-- Data under study --
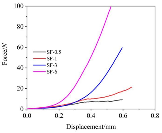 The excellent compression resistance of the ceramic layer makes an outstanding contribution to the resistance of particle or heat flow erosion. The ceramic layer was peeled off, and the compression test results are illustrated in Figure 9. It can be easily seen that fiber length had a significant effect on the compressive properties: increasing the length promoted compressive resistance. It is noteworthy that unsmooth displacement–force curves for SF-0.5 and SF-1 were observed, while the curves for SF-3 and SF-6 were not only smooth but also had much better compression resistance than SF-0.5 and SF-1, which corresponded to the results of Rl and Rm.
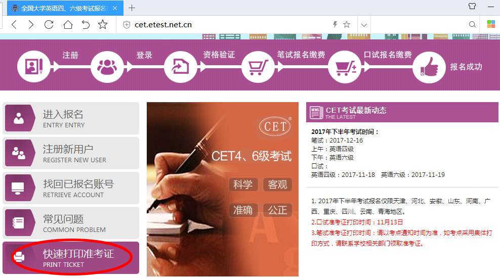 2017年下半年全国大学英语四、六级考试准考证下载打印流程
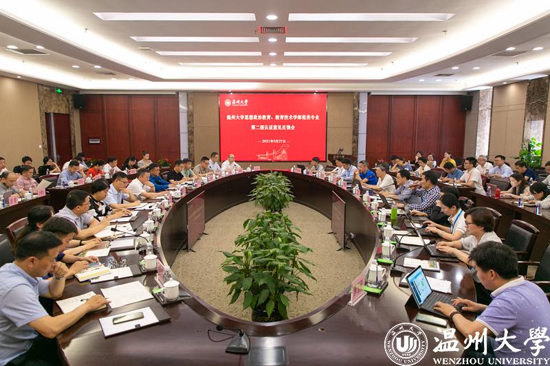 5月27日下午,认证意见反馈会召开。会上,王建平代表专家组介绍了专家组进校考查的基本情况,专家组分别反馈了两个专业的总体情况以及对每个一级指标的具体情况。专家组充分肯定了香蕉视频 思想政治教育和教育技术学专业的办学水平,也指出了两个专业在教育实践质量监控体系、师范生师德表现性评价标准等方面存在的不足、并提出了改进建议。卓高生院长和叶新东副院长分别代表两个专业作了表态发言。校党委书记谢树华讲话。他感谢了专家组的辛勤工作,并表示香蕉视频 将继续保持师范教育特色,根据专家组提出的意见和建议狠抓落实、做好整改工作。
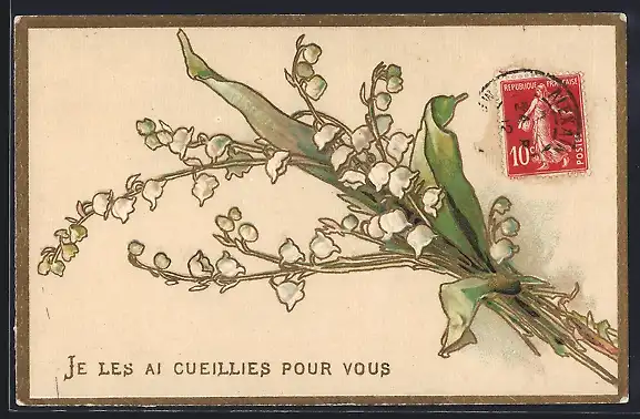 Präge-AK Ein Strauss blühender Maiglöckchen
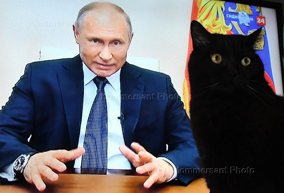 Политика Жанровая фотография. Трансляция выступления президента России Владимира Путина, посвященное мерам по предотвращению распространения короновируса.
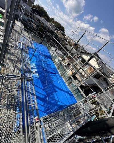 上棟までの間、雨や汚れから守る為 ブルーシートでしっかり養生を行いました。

-- What this task involves --
Restate the records above in full and word for word, but do not carry over any pictures.

-- Task answer --
 The excellent compression resistance of the ceramic layer makes an outstanding contribution to the resistance of particle or heat flow erosion. The ceramic layer was peeled off, and the compression test results are illustrated in Figure 9. It can be easily seen that fiber length had a significant effect on the compressive properties: increasing the length promoted compressive resistance. It is noteworthy that unsmooth displacement–force curves for SF-0.5 and SF-1 were observed, while the curves for SF-3 and SF-6 were not only smooth but also had much better compression resistance than SF-0.5 and SF-1, which corresponded to the results of Rl and Rm.
 2017年下半年全国大学英语四、六级考试准考证下载打印流程
 5月27日下午,认证意见反馈会召开。会上,王建平代表专家组介绍了专家组进校考查的基本情况,专家组分别反馈了两个专业的总体情况以及对每个一级指标的具体情况。专家组充分肯定了香蕉视频 思想政治教育和教育技术学专业的办学水平,也指出了两个专业在教育实践质量监控体系、师范生师德表现性评价标准等方面存在的不足、并提出了改进建议。卓高生院长和叶新东副院长分别代表两个专业作了表态发言。校党委书记谢树华讲话。他感谢了专家组的辛勤工作,并表示香蕉视频 将继续保持师范教育特色,根据专家组提出的意见和建议狠抓落实、做好整改工作。
 Präge-AK Ein Strauss blühender Maiglöckchen
 Политика Жанровая фотография. Трансляция выступления президента России Владимира Путина, посвященное мерам по предотвращению распространения короновируса.
 上棟までの間、雨や汚れから守る為 ブルーシートでしっかり養生を行いました。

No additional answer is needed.